* **Work request**:
Retype, word for word, every line of the records below starting at the one that contains "tarjeta de 3er aniversario con rosas y hojas" and ending at the one that contains "Speed matters during"; include both of those lines and nothing more.

* **Record extracts**:
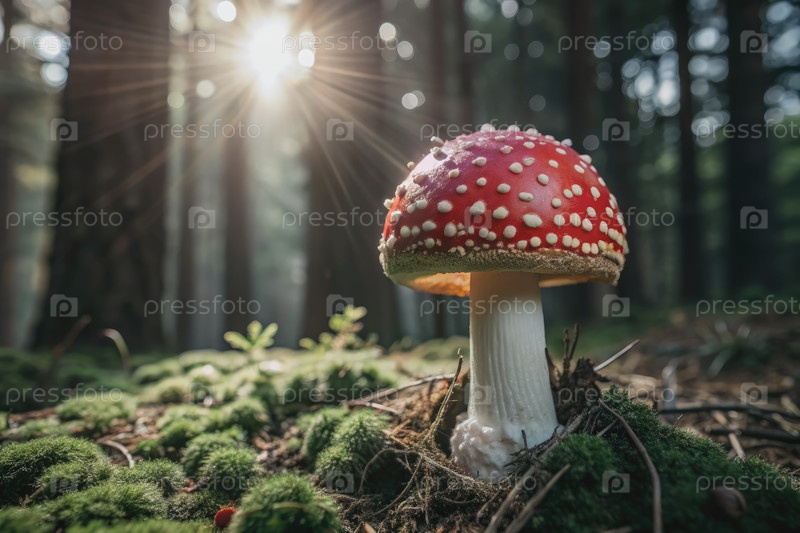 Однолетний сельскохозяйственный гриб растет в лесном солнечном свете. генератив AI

* * *

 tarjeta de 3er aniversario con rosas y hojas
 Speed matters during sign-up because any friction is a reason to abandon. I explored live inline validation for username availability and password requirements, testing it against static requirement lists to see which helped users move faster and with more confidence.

==

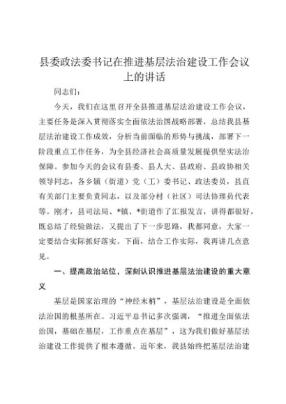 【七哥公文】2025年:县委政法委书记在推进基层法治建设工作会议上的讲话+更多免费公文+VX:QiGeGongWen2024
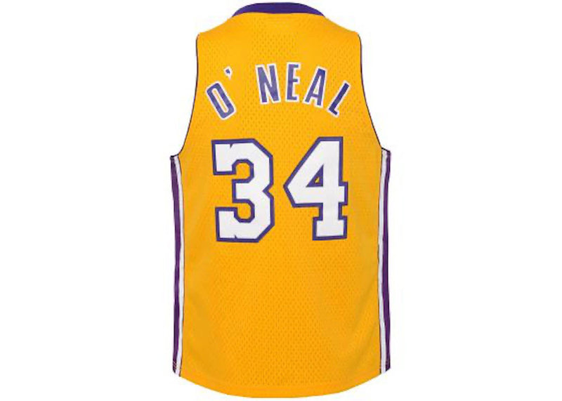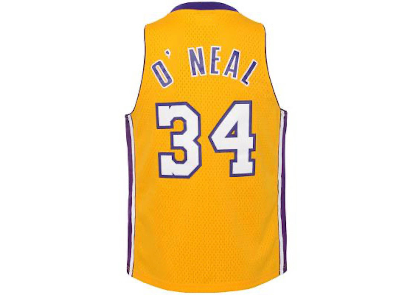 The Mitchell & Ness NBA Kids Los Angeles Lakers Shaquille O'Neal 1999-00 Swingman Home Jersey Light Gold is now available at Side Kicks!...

* **Finished exercise**:
 tarjeta de 3er aniversario con rosas y hojas
 Speed matters during sign-up because any friction is a reason to abandon. I explored live inline validation for username availability and password requirements, testing it against static requirement lists to see which helped users move faster and with more confidence.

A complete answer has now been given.